**REQUIREMENT:** What follows is a listing to transcribe exactly, leaving the pictures out.

**INFORMATION SHOWN:**

◆ ◆ ◆ ◆

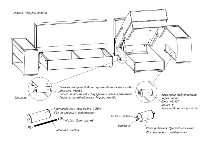 ข้อมูลเกี่ยวกับวิธีการแยกโซฟาอย่างถูกต้องสามารถรับได้ จากวรรณกรรมพิเศษหรืออินเทอร์เน็ต บรรทัดล่างคือ ชิ้นส่วนโครงสร้างทั้งหมดเชื่อมต่อกันโดยรัด หมายเลขและชนิดอาจแตกต่างกันไปขึ้นอยู่กับรุ่นที่ใช้ อย่างไรก็ตามมันจะไม่ผิดที่ชื่อรัดหลักที่พบในเกือบทุกแบบ สิ่งเหล่านี้ ได้แก่ สลักเกลียวถั่วสกรูและสกรูรวมถึงสิ่งที่เรียกว่า Euro-screws หลังมีความโดดเด่นด้วยการแกะสลักเช่นเดียวกับสกรูตัวเองเคาะ
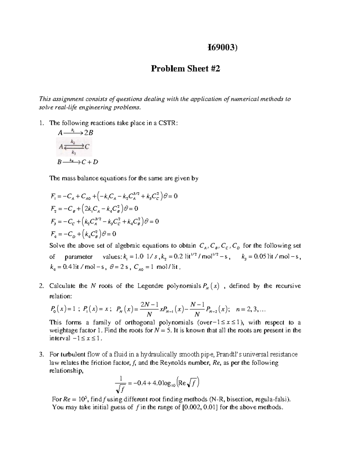 M.Tech Design (CH69003) Numerical Methods Problem Sheet - Studocu
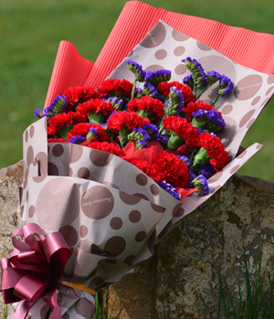 Red Carnations Bouquet19 stems red carnations with forget-me-not decorated, fan shape wrapped. - The picture is only for reference and the main items are the same, the effect is guaranteed. |

◆ ◆ ◆ ◆

**SOLUTION FOR THIS EXERCISE:**
 ข้อมูลเกี่ยวกับวิธีการแยกโซฟาอย่างถูกต้องสามารถรับได้ จากวรรณกรรมพิเศษหรืออินเทอร์เน็ต บรรทัดล่างคือ ชิ้นส่วนโครงสร้างทั้งหมดเชื่อมต่อกันโดยรัด หมายเลขและชนิดอาจแตกต่างกันไปขึ้นอยู่กับรุ่นที่ใช้ อย่างไรก็ตามมันจะไม่ผิดที่ชื่อรัดหลักที่พบในเกือบทุกแบบ สิ่งเหล่านี้ ได้แก่ สลักเกลียวถั่วสกรูและสกรูรวมถึงสิ่งที่เรียกว่า Euro-screws หลังมีความโดดเด่นด้วยการแกะสลักเช่นเดียวกับสกรูตัวเองเคาะ
 M.Tech Design (CH69003) Numerical Methods Problem Sheet - Studocu
 Red Carnations Bouquet19 stems red carnations with forget-me-not decorated, fan shape wrapped. - The picture is only for reference and the main items are the same, the effect is guaranteed. |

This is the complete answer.